Литмир - Электронная Библиотека
A
A

Rozdział dziesiąty

w którym zarówno Reynevan, jak i czytelnik mają okazją lepiej poznać Szarleja – sposobność po temu daje wspólna wędrówka i różne towarzyszące tejże wydarzenia. Na koniec zaś pojawiają się trzy wiedźmy – absolutnie klasyczne, absolutnie kanoniczne i absolutnie anachroniczne.

Rozsiadłszy się wygodnie na omszałym pniaku, Szarlej przyglądał się monetom, które wysypał z sakiewek do czapki. Nie ukrywał niezadowolenia.

– Wnosząc z ubioru i obejścia – sarkał – rzekłbyś, zamożni nowobogaccy. A w mieszkach, spójrz sam, chłopcze, jaka bryndza. Jaki śmietnik! Dwa ecu, trochę oberzniętych paryskich soldów, czternaście groszy, półgroszki, magdeburskie fenigi, pruskie skojce i szelągi, denary i halerze cieńsze od opłatków, jakieś inne gówna, których nawet rozpoznać nie potrafię, dalibóg, fałszywe. Więcej, niech mnie diabli, warte te sakiewki, srebrną nicią i perłami wyszywane. Ale sakiewki to nie gotówka, gdzie ja je teraz spieniężę? A monety nie starczy tu nawet na lichego konia, a ja, psiakrew, muszę mieć konia. Niech to mór, odzienie tych fircyków tez więcej było warte. Powinienem ich do goła obedrzeć.
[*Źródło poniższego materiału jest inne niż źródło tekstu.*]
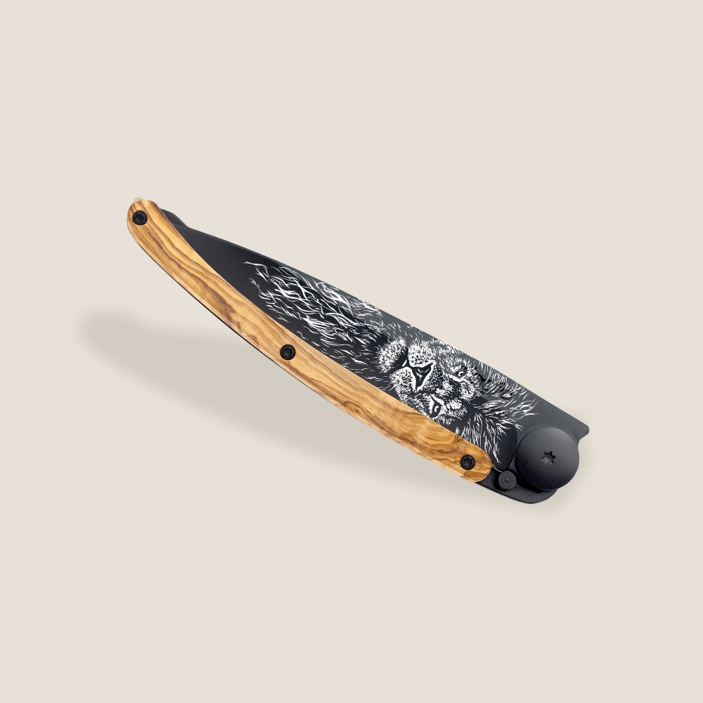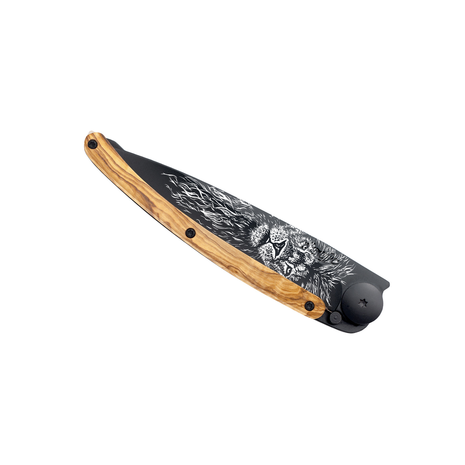 Kapesní nůž Deejo 1GB187 Tattoo Black 37g olive wood Lion

– Wtedy – zauważył dość cierpko Reynevan – w pościg za nami pan von Laasan posłałby pewnie nie dwunastu, ale stu ludzi. I nie jednym, ale wszystkimi traktami.
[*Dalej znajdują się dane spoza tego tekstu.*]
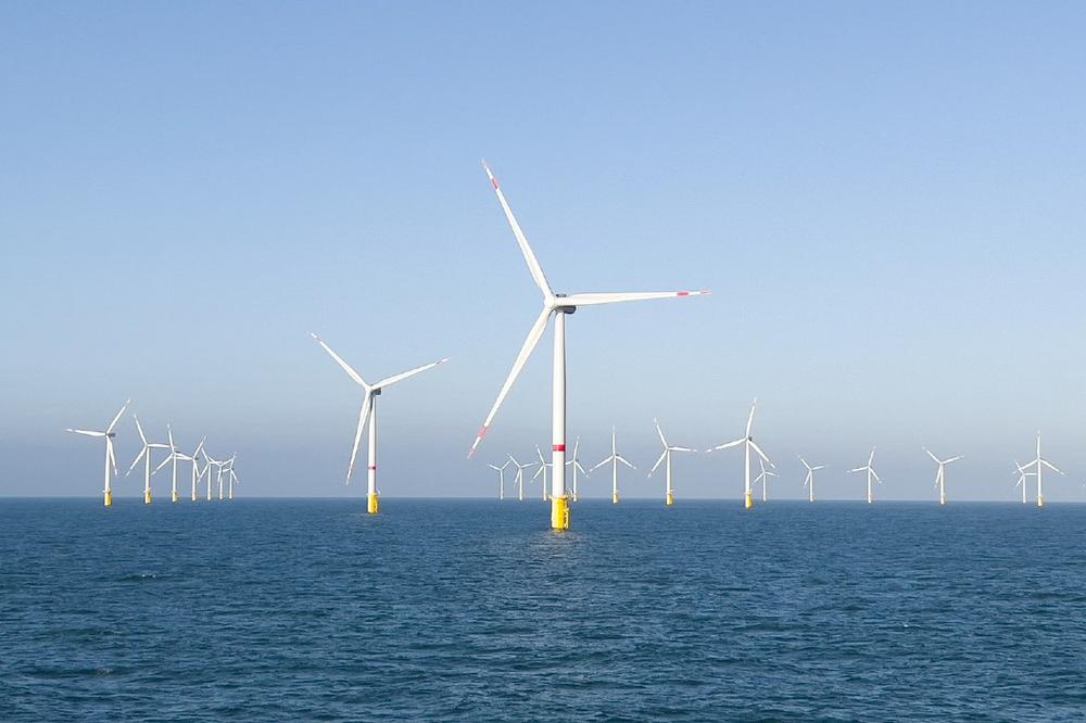 - Energy is generated at RWE’s Kaskasi offshore wind farm in the North Sea

– Ale posłał dwunastu, więc nie dywaguj.

W samej rzeczy, nie dłużej niż w pół godziny po tym, gdy obaj opuścili Strzegom Bramą Jaworską, z tejże bramy wypadł i pognał gościńcem tuzin jeźdźców w barwach Guncelina von Laasan, wielmoży, pana na strzegomskim zamku i faktycznego władcy grodu. Szarlej jednak, dowodząc sprytu, krótko po wyjeździe kazał Reynevanowi skręcić w las i skryć się w gąszczu. Teraz czekał i upewniał się, czy aby pościg nie zawróci.

Reynevan westchnął i przysiadł obok Szarleja.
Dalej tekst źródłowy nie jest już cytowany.